"Consecration" is the word used for what happens to the hosts or bread within holy Mass through the action of the ordained priest in order to distinguish the real presence of Christ in the Eucharist from other forms of blessing. A blessing sets an ordinary object or person apart for God. "Consecration" results in the true, real and substantial presence of God Himself under the signs of bread and wine.
"By the consecration the transubstantiation of the bread and wine into the Body and Blood of Christ is brought about. Under the consecrated species of bread and wine Christ himself, living and glorious, is present in a true, real, and substantial manner: his Body and his Blood, with his soul and his divinity (cf. Council of Trent: DS 1640; 1651)." (CCC 1413)
By the way, the editorial "masterpiece" of a title for the article is reprinted above exactly as distributed in the electronic edition today: "German nuns bake ready for papal visit baking thousands of communion wafers". What?
((((..))))
German nuns bake ready for papal visit baking thousands of communion wafers
- In this photo taken July 28, 2011 Sister Placida scales hosts at the Benedictine Abbey of St. Gertrud’s host bakery in Alexanderdorf, Germany, about 50 kilometers (31 miles) south of Berlin. Pope Benedict XVI will not visit the Benedictine Abbey of St. Gertrud, but preparations for his trip are nevertheless in full swing, with the nuns baking thousands of communion wafers to be blessed by the pope at Masses during his September tour. (Photo/Markus Schreiber)

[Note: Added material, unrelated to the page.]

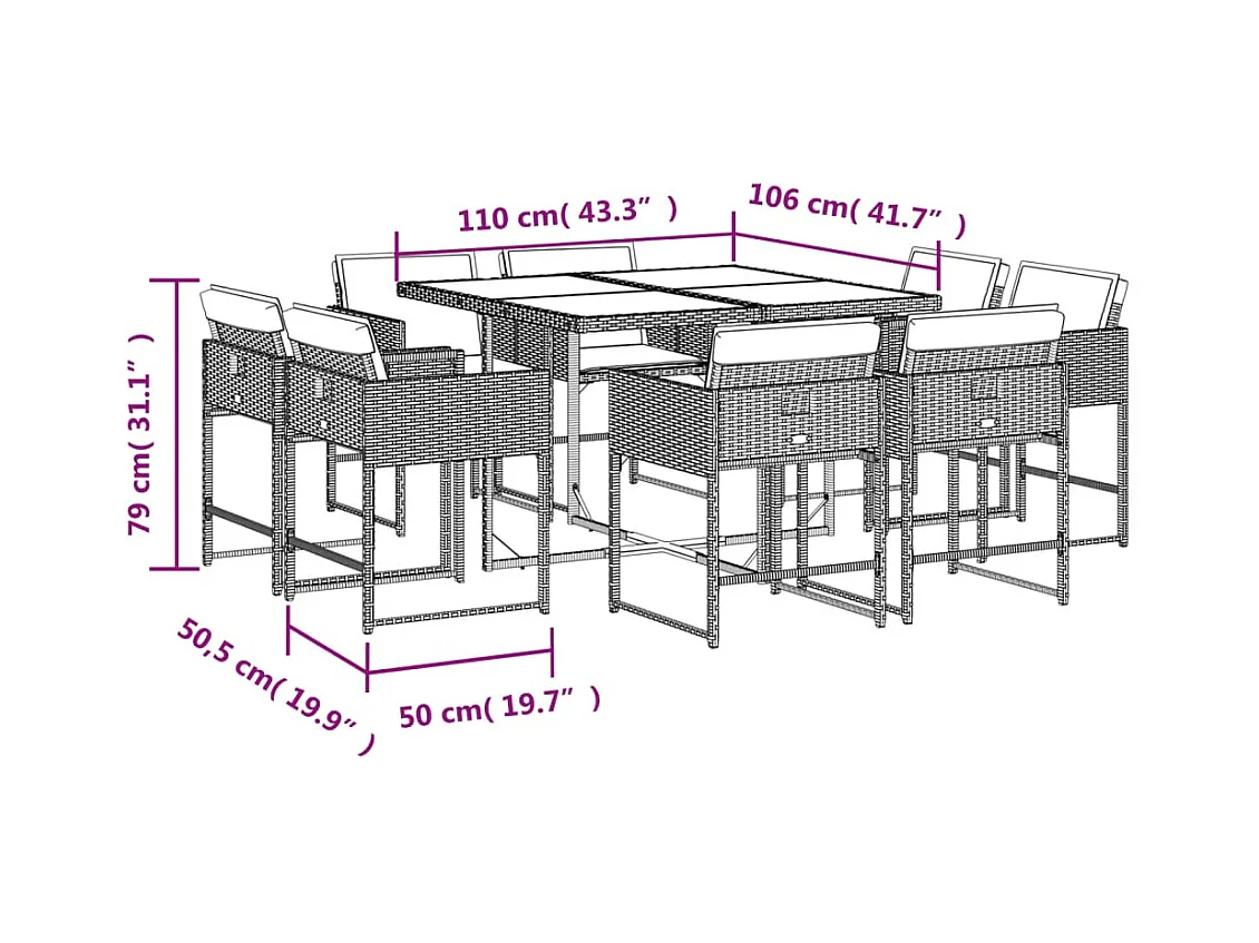 Maart 9-delige Tuinset met kussens poly rattan bruin

AM MELLENSEE, Germany — Benedict XVI will not visit the Benedictine Abbey of St. Gertrud, but preparations for his trip are nevertheless in full swing, with the nuns baking thousands of communion wafers to be blessed by the pope at Masses during his September tour.
In a small room at the back of the cloister, nestled on the edge of a forest south of Berlin, Sister Theresa pulls a lever that squirts liquid dough — a simple mixture of flour and water — onto one of a dozen hot irons. These press out sheets of thin, light wafer that are cut into dozens of rounds to be weighed, packaged and delivered to Roman Catholic churches in the capital and east of Germany.
“We are very happy that our communion wafers from our bakery will be offered at the Eucharist celebration,” Sister Theresa, 62, told The Associated Press.
The pope visits Germany on Sept. 22-25, arriving in Berlin and traveling through the former-communist east before wrapping up in the southwester diocese of Freiburg.